◆ Task prompt ◆
The data below contains pictures, which are to be skipped; the lines starting at the line with "캠퍼 여성 밀라 부츠 블랙" and ending at the line with "NASA聯名日系可愛卡通長袖t恤男女純棉秋季百搭情侶寬鬆打底上衣" are to be output exactly, both ends included.

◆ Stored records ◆

- Opening Delimiter -

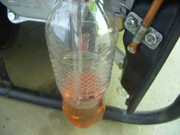 pensé que sería necesario para visualizar el paso del gas, para apreciar la cantidad de flujo. Eso no es nada más fácil que hacer burbujear el gas en un líquido y luego recuperarlo, tratando de mantener el líquido contamine el gas. Utilicé un pequeño refresco PET botella, hice dos agujeros en la tapa de plástico e ir sobre dos tubos de PVC suaves. Uno, la entrada, alcanza la parte inferior, y el justo pasa la tapa una media pulgada. Como líquido burbujeante utiliza diesel, que se evapora muy poco y espero que no altera la calidad del gas natural. Por lo menos no es notable.
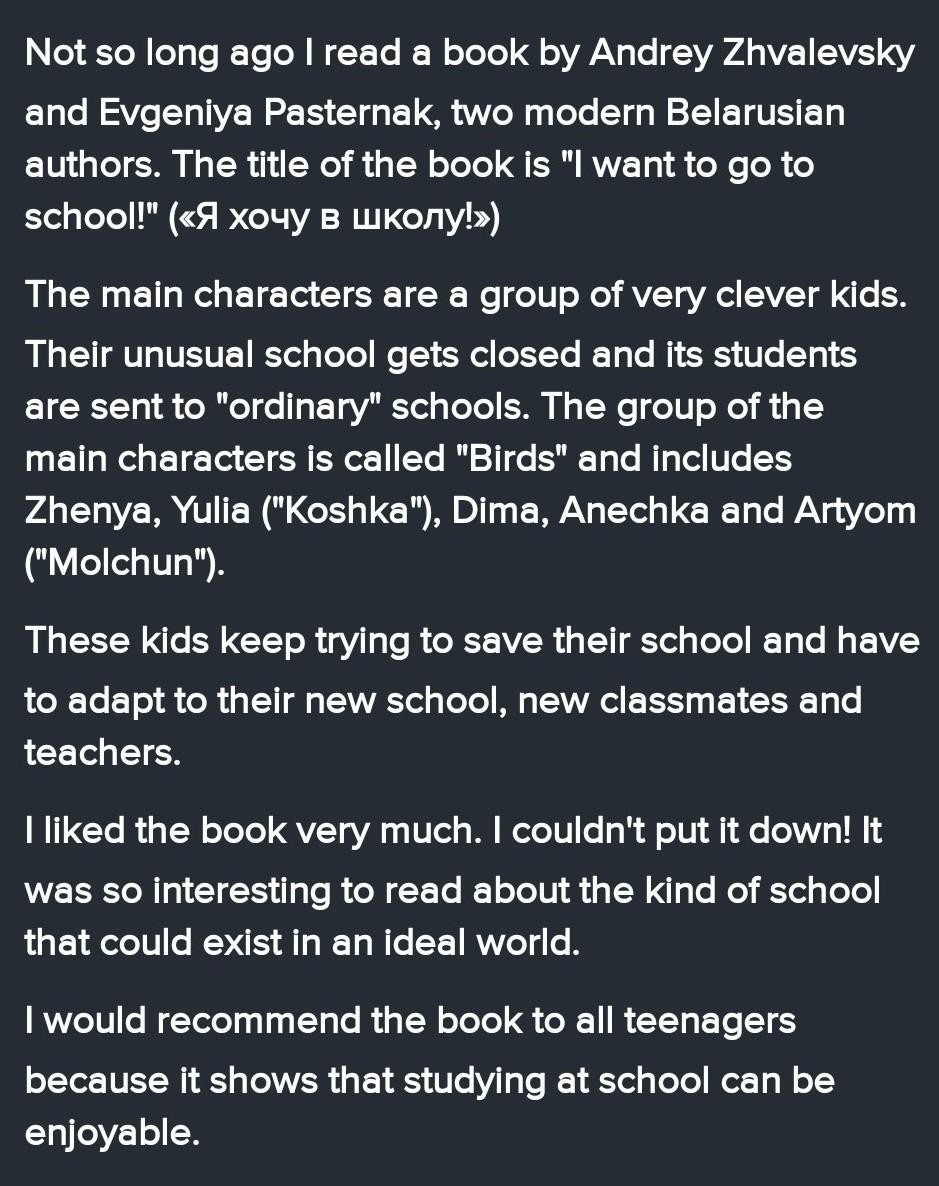 1)Anybody help you to choose your future profession? 2)Do you perfect the cinema or the theatre? Why? 3)Have you read any book recently. What type is it? 4)What is your favorite type of film? Why?
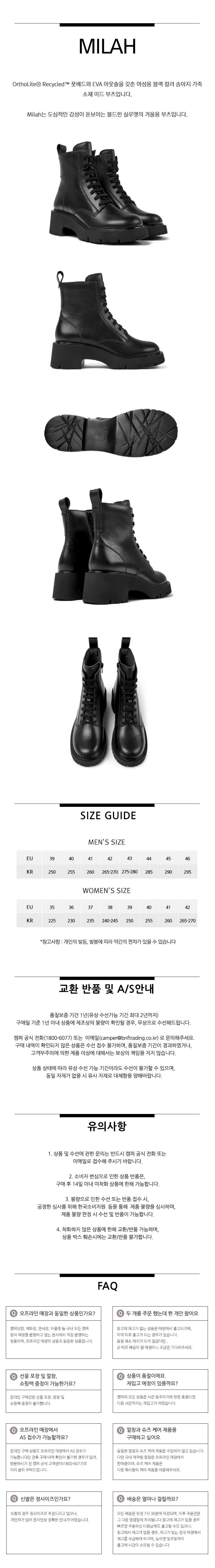 캠퍼 여성 밀라 부츠 블랙
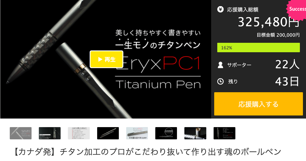 こちらはカナダ発のチタン製ペン「Eryx PC1 Titanium Pen」です。
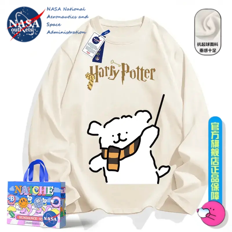 NASA聯名日系可愛卡通長袖t恤男女純棉秋季百搭情侶寬鬆打底上衣
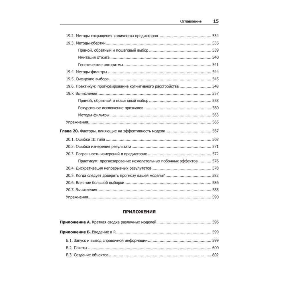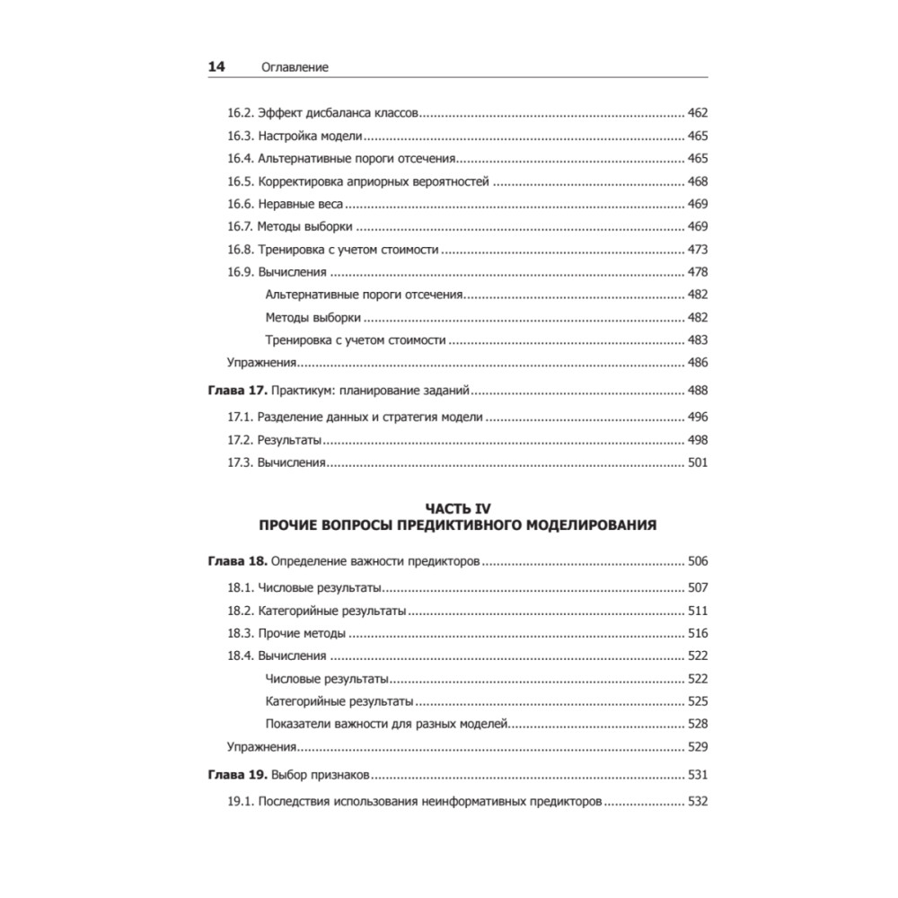 «Предиктивное моделирование на практике» охватывает все аспекты прогнозирования, начиная с ключевых этапов предварительной обработки данных, разбиения данных и основных принципов настройки модели. Все этапы моделирования рассматриваются на практических примерах из реальной жизни, в каждой главе дается подробный код на языке R. Эта книга может использоваться как введение в предиктивные модели и руководство по их применению. Читатели, не обладающие математической подготовкой, оценят интуитивно понятные объяснения конкретных методов, а внимание, уделяемое решению актуальных задач с реальными данными, поможет специалистам, желающим повысить свою квалификацию. Авторы постарались избежать сложных формул, для усвоения основного материала достаточно понимания основных статистических концепций, таких как корреляция и линейный регрессионный анализ, но для изучения углубленных тем понадобится математическая подготовка. Для работы с книгой нужно иметь базовые знания о языке R. Премия Zecgel Technometrics 2014
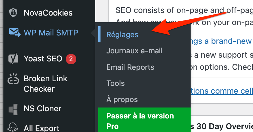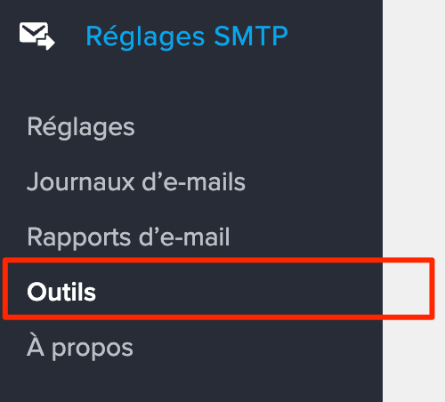 Dans le backoffice de votre sites, cliquez sur WP Mail SMTP > Réglages en colonne de gauche. (le menu peut aussi se nommer « Réglages SMTP » ou avec un autre nom mais la même icône)

- Closing Delimiter -

◆ Output below ◆
 캠퍼 여성 밀라 부츠 블랙
 こちらはカナダ発のチタン製ペン「Eryx PC1 Titanium Pen」です。
 NASA聯名日系可愛卡通長袖t恤男女純棉秋季百搭情侶寬鬆打底上衣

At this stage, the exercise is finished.